We may want God to answer our questions. What have you done for me lately? But Isaiah suggests that we take a much longer look. What have you been told from the very beginning about God? Have you not understood from the foundations of the earth? The God we look to is the one who is constantly business with the work of creation. The God we think has forsaken us and abandoned us, made the sun to shine, stretches the heavens like a curtain for all creation. The God we talk about as powerless is the Lord of all history who makes all rulers and kings rise and fall and pass away. Lift up your eyes on high and see, who created these? Slowly and steadily Isaiah reminds us of the God to whom we turn. God is the one who makes the winds to blow and the oceans to churn. We are reminded of the strength of God in creation and his attentiveness to all details. God is the one who governs the affairs of all nations and guards and redeems his people from despair. The praise of God’s greatness is in all places. Everything in this passage becomes an object of God’s actions. He sits. He stretches. God spreads. God brings, God makes. God gives. Everything submits to God’s power. All life is very fragile and weak and quickly fades under the judgment of God’s love.

So if you and I are reminded of the greatness of God who has done great things in all creation, who has created this world and give us life and breath this day, who has been the judge of the kings and princess who have risen up and thought they would last forever. Hitler declared, “It does not matter whether I live or not. It does not matter whether you live or not, what matters is that Germany lives on forever.” God who has continued to provide and to sustain his people throughout all these ages. If we who can remember the greatness of God in God’s acts of creation and history, if we can remember all of God’s blessings and joys to us in the past, how can we claim that God is not able and who can we claim that God is not attentive.

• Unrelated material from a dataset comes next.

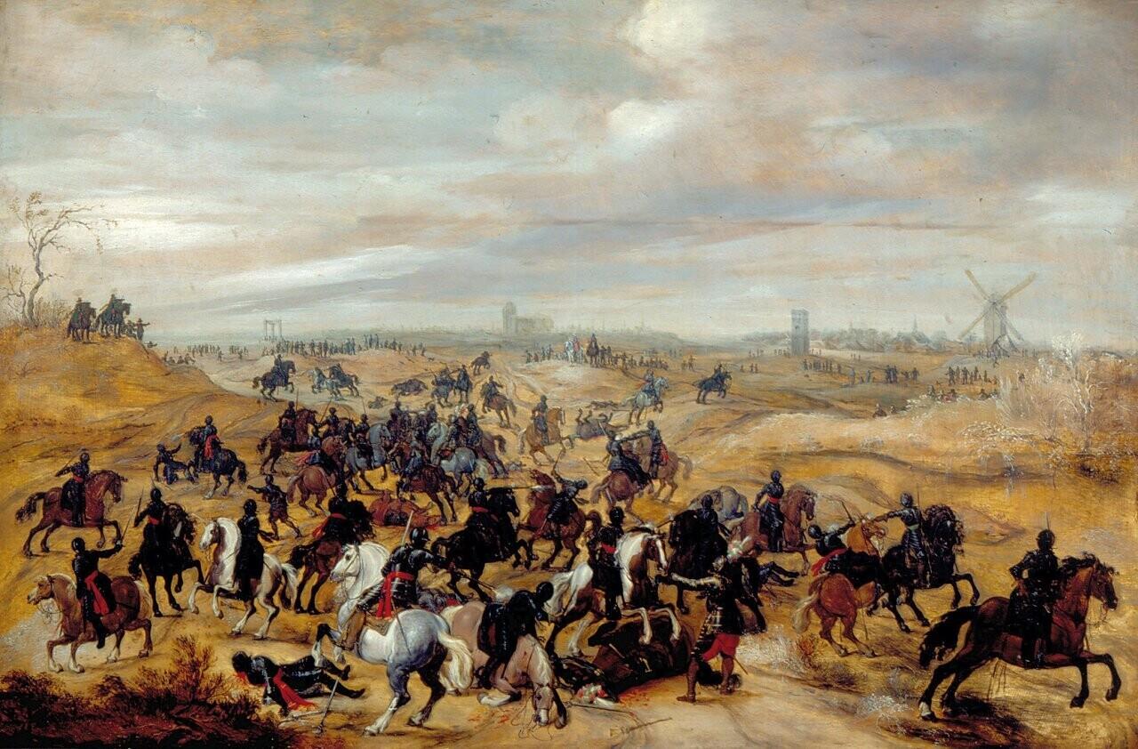 op voorgrond geharnaste ridders te paard met elkaar vechtend; op achtergrond resp. galg, kerk toren en standerdmolen.

For look where Isaiah encourages us to look for where God is at work. God is at work without ceasing providing for those who are at the end of their own rope. God is giving power to those who faint. Life is a long marathon of a race, and God may not be up at the front of the race helping those who are striding comfortably along, for God is in the back of the race giving to those who have no might. Those who wait on the Lord because they cannot go on anymore by their own power, God is providing them fresh energy. Those who have come to the end of their resources are given a renewed vision. Those whose dream has died are given new dreams. God is looking for those who have no other way out. Jesus said he had come not for the health, but for those who were ill and knew they needed a doctor. Jesus casts out demons from those who came because they knew they had demons. They knew they could not cast out their own demons.

While both our government and the government of Iraq act and strut across the stage of history like they have no need of help, they are able, they are competent, they are strong, they both claim that they will win, bring it on. We can handle it. God who gives strength to the weary, the exhausted, the confused, God of those who know they need more than they have, God, who is strong and attentive, is giving strength to a mother in Iraq whose children suffer. God is giving a gift of comfort to a young soldier’s wife as her husband deploys. God who gives strength to the weary is giving another day of determination to NASA scientists who have confessed over and over that they do not know why or what happened and they struggle for answers. God who gives to those who are about to faint the power to take another step. The God who shows power by the sacrifice of love on the cross. That God is still Lord, that God is still seeking the weary, that God is still giving hope to the hopeless, that God is attentive to the lost, and still greatly to be praised.